[DATA SECTION]:

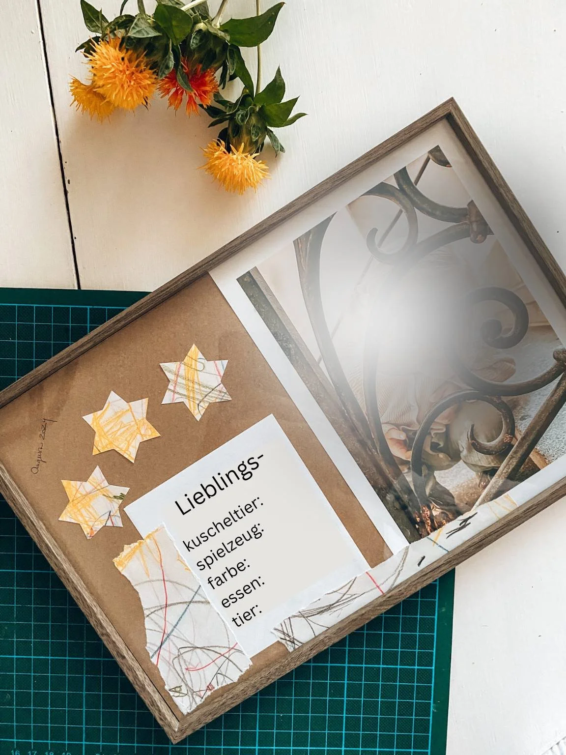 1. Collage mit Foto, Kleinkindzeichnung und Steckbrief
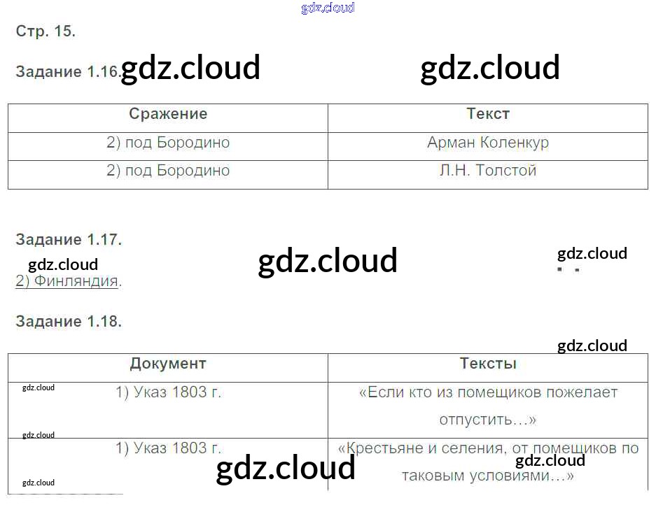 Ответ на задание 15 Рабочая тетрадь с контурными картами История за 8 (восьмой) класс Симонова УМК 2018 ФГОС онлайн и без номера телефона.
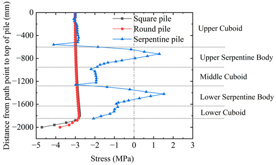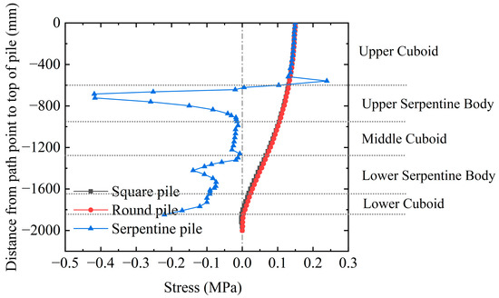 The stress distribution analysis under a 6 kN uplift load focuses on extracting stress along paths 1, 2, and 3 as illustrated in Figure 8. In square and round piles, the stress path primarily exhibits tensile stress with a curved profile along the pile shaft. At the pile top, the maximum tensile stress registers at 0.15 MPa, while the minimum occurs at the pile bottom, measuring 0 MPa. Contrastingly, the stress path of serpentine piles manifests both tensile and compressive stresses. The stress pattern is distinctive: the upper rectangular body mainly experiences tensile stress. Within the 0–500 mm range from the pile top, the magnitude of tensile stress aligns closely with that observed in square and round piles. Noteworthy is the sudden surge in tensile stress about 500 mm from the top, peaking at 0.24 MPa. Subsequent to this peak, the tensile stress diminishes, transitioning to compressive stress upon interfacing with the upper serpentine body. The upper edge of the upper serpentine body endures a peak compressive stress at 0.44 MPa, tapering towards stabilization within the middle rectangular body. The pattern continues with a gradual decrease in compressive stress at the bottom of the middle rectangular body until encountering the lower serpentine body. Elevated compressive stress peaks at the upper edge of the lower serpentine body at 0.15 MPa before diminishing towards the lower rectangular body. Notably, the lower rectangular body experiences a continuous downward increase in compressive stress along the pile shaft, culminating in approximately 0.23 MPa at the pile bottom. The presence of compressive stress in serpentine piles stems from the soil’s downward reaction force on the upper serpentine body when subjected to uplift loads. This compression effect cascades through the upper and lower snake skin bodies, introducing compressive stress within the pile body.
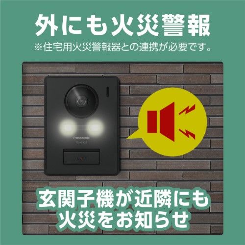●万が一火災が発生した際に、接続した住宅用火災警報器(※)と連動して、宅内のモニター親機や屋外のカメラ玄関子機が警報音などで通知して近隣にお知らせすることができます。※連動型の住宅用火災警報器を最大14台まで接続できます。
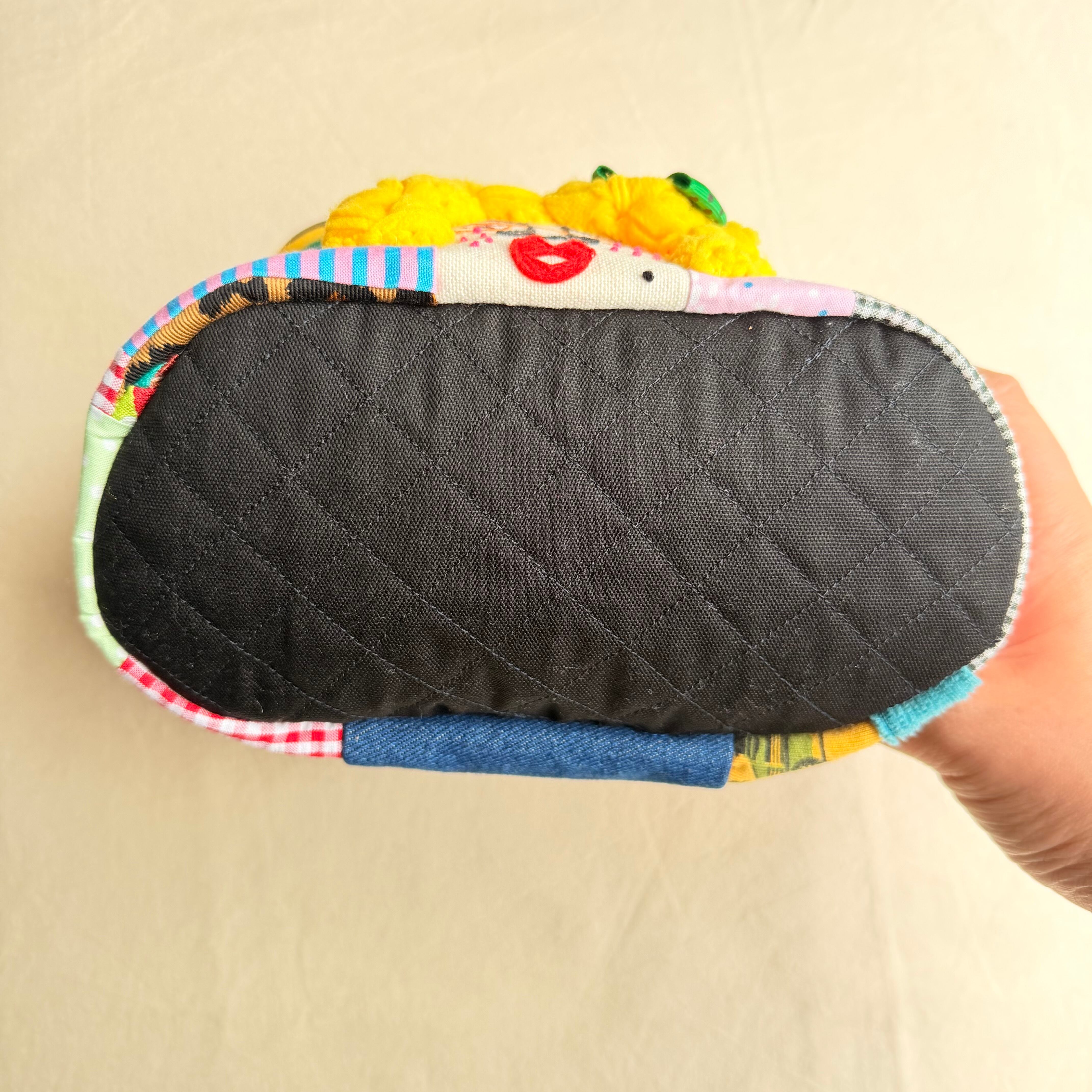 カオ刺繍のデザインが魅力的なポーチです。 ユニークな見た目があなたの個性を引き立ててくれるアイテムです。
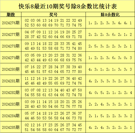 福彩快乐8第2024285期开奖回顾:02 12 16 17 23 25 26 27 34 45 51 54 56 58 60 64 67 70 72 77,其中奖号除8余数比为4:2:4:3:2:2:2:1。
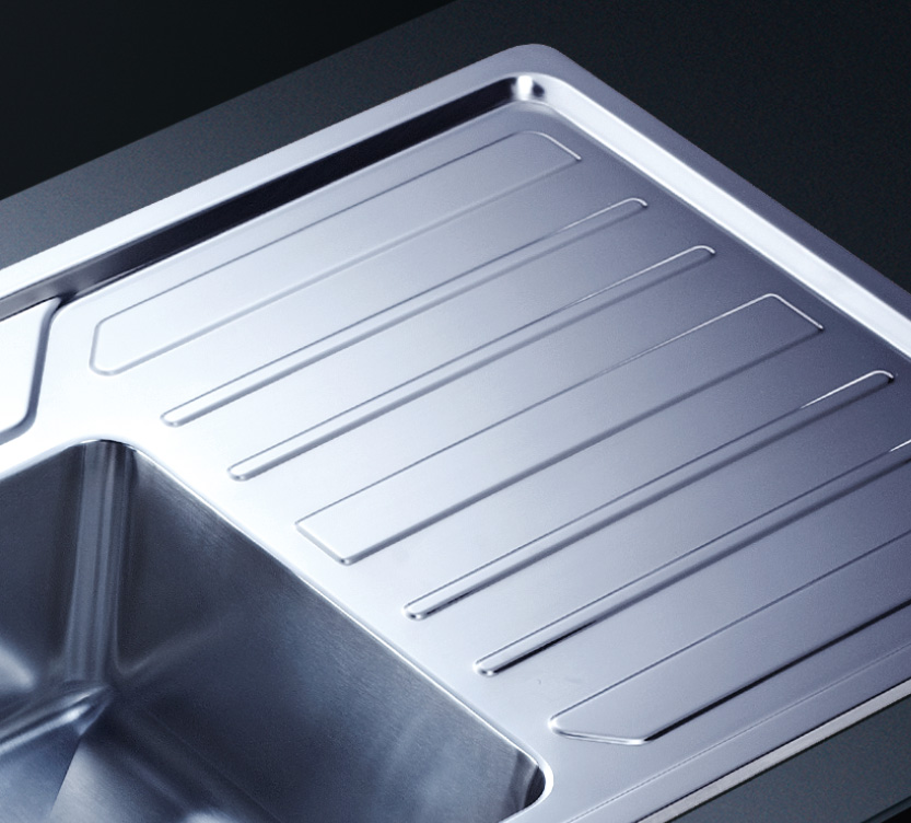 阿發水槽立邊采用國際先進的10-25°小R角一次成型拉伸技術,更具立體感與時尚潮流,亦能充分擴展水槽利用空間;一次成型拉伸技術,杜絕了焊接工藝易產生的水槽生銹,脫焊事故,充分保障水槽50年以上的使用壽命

* * *

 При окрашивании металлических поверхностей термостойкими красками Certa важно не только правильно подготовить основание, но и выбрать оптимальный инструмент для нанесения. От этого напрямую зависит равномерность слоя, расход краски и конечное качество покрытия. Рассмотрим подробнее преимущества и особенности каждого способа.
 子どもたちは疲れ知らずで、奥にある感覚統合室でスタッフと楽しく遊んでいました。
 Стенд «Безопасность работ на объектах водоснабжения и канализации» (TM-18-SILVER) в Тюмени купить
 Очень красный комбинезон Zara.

...

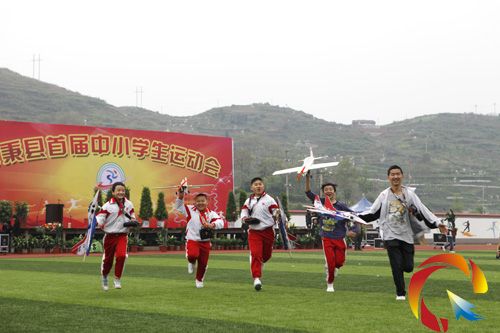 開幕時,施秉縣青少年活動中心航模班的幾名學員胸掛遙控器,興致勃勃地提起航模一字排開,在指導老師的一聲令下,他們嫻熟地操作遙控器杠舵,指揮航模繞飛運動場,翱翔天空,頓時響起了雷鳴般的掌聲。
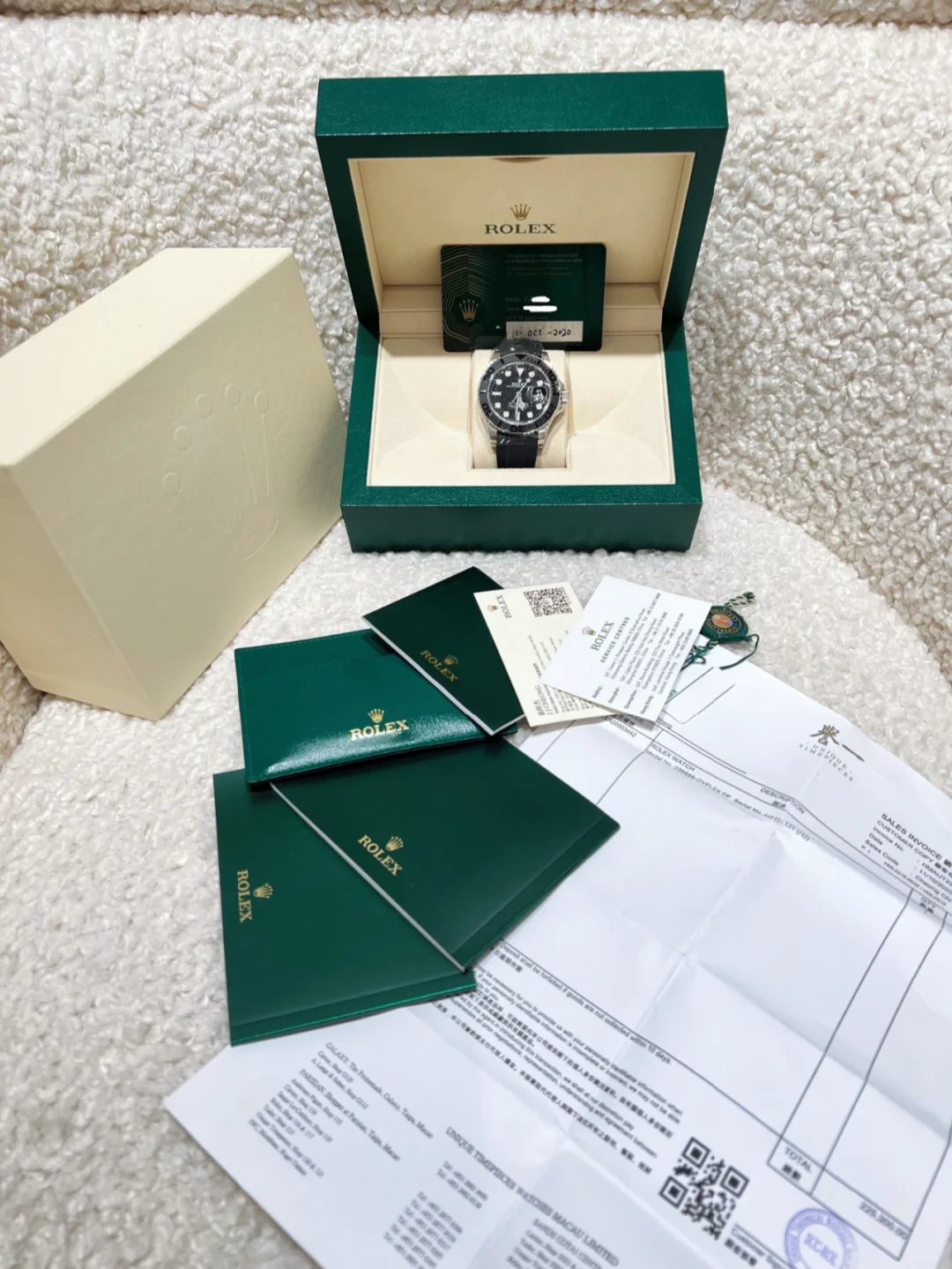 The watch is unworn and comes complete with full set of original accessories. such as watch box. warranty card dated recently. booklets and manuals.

[WORK ITEM]: Give again the stretch of lines above from the one with "カオ刺繍のデザインが魅力的な" through the one with "阿發水槽立邊采用國際先進的1", both ends kept, and copy no pictures.

[SOLVED EXERCISE]:
 カオ刺繍のデザインが魅力的なポーチです。 ユニークな見た目があなたの個性を引き立ててくれるアイテムです。
 福彩快乐8第2024285期开奖回顾:02 12 16 17 23 25 26 27 34 45 51 54 56 58 60 64 67 70 72 77,其中奖号除8余数比为4:2:4:3:2:2:2:1。
 阿發水槽立邊采用國際先進的10-25°小R角一次成型拉伸技術,更具立體感與時尚潮流,亦能充分擴展水槽利用空間;一次成型拉伸技術,杜絕了焊接工藝易產生的水槽生銹,脫焊事故,充分保障水槽50年以上的使用壽命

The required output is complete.